YOUR GOAL: In the listing below, find the line containing "普段サイズ:23.5/着用サイズ:23.5 サイズ感: 23.5でぴったり。" and the line containing "Heartily welcome to", then copy exactly everything from the first through the second, except the pictures.

SOURCE RECORDS:
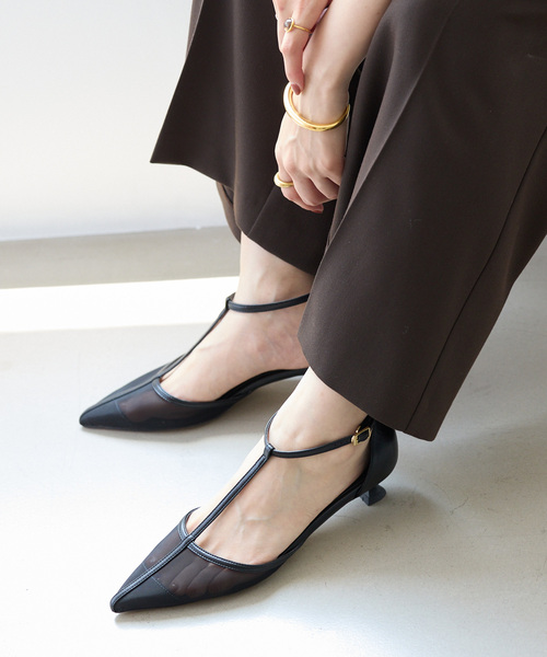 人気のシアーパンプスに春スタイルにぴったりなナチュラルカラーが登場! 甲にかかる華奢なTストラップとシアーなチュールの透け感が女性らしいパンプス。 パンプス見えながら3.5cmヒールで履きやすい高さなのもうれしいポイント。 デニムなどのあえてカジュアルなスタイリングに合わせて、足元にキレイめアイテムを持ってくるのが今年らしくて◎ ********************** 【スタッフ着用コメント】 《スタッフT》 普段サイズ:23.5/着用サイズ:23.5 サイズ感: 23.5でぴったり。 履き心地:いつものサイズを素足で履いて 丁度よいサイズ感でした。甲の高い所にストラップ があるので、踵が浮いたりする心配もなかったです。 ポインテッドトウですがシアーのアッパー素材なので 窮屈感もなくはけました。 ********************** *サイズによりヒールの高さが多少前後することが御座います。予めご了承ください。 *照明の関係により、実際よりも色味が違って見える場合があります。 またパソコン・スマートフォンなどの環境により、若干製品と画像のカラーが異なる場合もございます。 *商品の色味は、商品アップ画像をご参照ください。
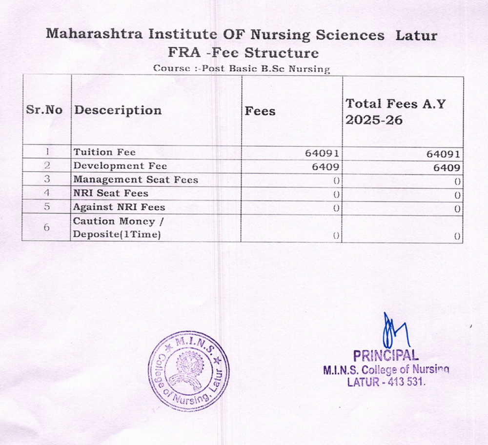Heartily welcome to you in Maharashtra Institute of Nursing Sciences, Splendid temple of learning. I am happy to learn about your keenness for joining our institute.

---

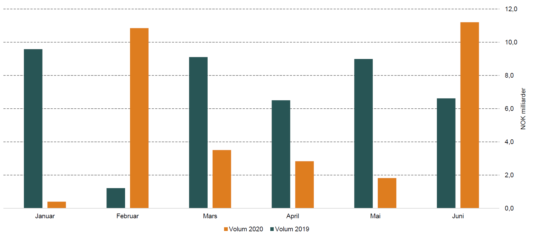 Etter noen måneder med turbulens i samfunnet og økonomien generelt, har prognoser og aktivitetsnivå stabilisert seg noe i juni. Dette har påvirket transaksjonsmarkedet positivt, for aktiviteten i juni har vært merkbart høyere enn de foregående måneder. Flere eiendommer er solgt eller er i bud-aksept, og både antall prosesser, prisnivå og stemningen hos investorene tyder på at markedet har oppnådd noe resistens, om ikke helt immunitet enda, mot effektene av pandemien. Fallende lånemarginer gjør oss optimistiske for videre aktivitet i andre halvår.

--

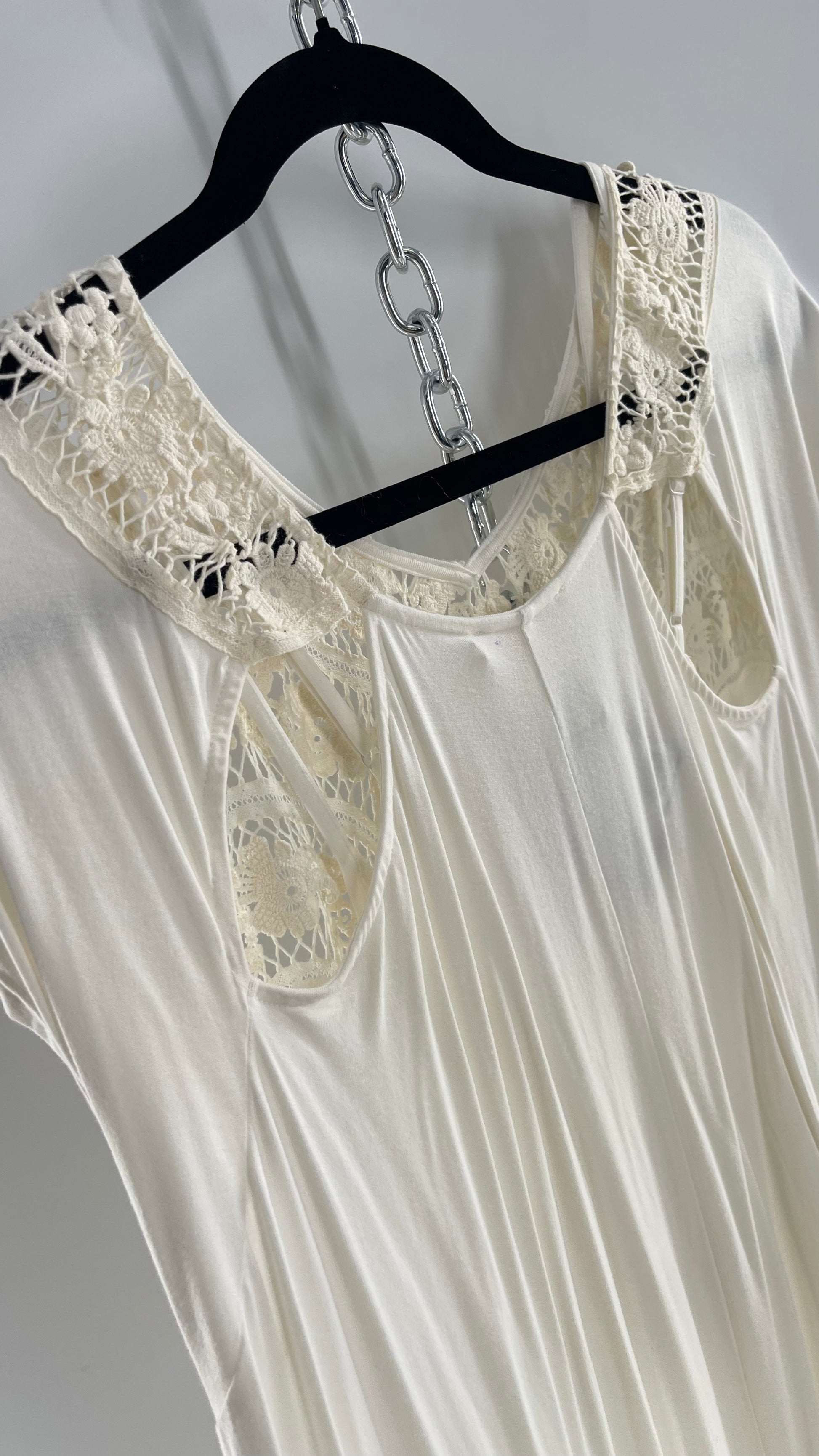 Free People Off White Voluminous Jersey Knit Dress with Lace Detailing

RESPONSE AREA:
 人気のシアーパンプスに春スタイルにぴったりなナチュラルカラーが登場! 甲にかかる華奢なTストラップとシアーなチュールの透け感が女性らしいパンプス。 パンプス見えながら3.5cmヒールで履きやすい高さなのもうれしいポイント。 デニムなどのあえてカジュアルなスタイリングに合わせて、足元にキレイめアイテムを持ってくるのが今年らしくて◎ ********************** 【スタッフ着用コメント】 《スタッフT》 普段サイズ:23.5/着用サイズ:23.5 サイズ感: 23.5でぴったり。 履き心地:いつものサイズを素足で履いて 丁度よいサイズ感でした。甲の高い所にストラップ があるので、踵が浮いたりする心配もなかったです。 ポインテッドトウですがシアーのアッパー素材なので 窮屈感もなくはけました。 ********************** *サイズによりヒールの高さが多少前後することが御座います。予めご了承ください。 *照明の関係により、実際よりも色味が違って見える場合があります。 またパソコン・スマートフォンなどの環境により、若干製品と画像のカラーが異なる場合もございます。 *商品の色味は、商品アップ画像をご参照ください。
Heartily welcome to you in Maharashtra Institute of Nursing Sciences, Splendid temple of learning. I am happy to learn about your keenness for joining our institute.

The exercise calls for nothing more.